The Heliocentrics – A World Of Masks
A dieci anni dall’inizio della loro carriera, i The Heliocentrics continuano a sfuggire da qualsiasi tentativo di definizione di genere o, se proprio una collocazione dobbiamo cercarla, possiamo dire che di categorie musicali l’ensemble della East London sembra averne sperimentate molte. In questo caso però, per sperimentazione non intendiamo un veloce quanto intenso attraversamento di generi e mood più o meno vicini alla propria originale vocazione, ne’ il tentativo di ricercarsi e ricrearsi in nuove dimensioni e assicurare in questo modo la sopravvivenza della band alla contemporaneità. No, per sperimentale qui intendiamo una precisa identità definita nella commistione e perfetta integrazione di musica jazz, etnica, cosmica o, per allargare l’orizzonte di riferimento, musica ambient. Proprio pensando a quest’ultima, si dice che la musica ambient evochi atmosfere visive sacrificando ritmo e melodia e lasciando che l’ascolto diventi un’esperienza sinestetica quasi al confine con la trascendenza dal reale.
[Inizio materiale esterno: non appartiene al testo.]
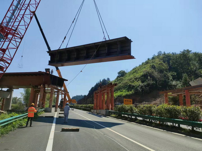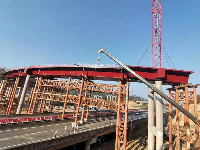 圖為鋼箱梁跨越黃祁高速 在匝道橋施工量大、工期緊、節(jié)點(diǎn)任務(wù)重的情況下,項(xiàng)目部結(jié)合焊接工藝、吊裝架設(shè)質(zhì)量要求的特點(diǎn)成立鋼箱梁安裝值班領(lǐng)導(dǎo)小組,配備專(zhuān)職安全員和現(xiàn)場(chǎng)技術(shù)人員,精心編制施工方案,嚴(yán)格監(jiān)管現(xiàn)場(chǎng)吊裝操作規(guī)范化,值班技術(shù)人員現(xiàn)場(chǎng)盯控和跟蹤吊裝質(zhì)量過(guò)程,按“三位一體”質(zhì)量保證體系組織實(shí)施,采用新技術(shù)、新工藝、新方法、新材料規(guī)范化施工,使匝道鋼箱梁吊裝得以有序推進(jìn)。

Nel caso degli Heliocentrics ciò è tanto più vero se si considera che le linee melodiche si confondono tra i bruciatori di incenso in un ambiente etnico, i calici di vino di una serata jazz e la musica cosmica della Berlino Ovest negli anni 70.
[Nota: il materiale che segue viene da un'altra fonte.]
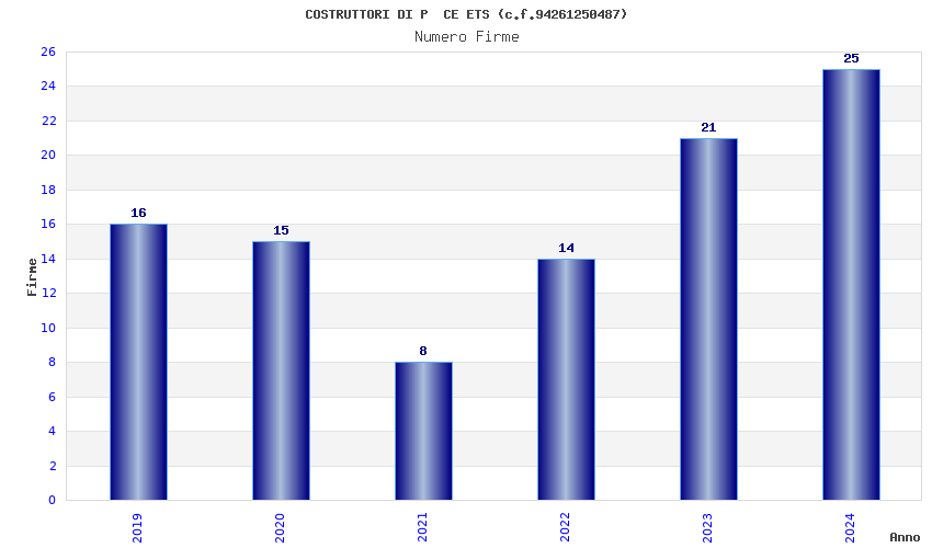| Anno | Firme | Importi | Media | Naz. | Reg. | Prov. | Comu. |

Dove siamo quindi? Ebbene, siamo a un punto di svolta nella carriera della band britannica. La libertà espressiva, come la curiosità esplorativa, è un bicchiere bucato, così quanta più acqua vi si versa tanta più ne scorre via lasciando il recipiente vuoto e la sete inappagata. Questo i The Heliocentrics lo sanno e non a caso, dopo 10 anni e con la nuova produzione A world of masks, decidono di abbandonare (anche se non del tutto) l’esecuzione esclusivamente strumentale per introdurre nell’ensemble le corde di una voce umana che risponde al nome della slovena Barbora Patkova.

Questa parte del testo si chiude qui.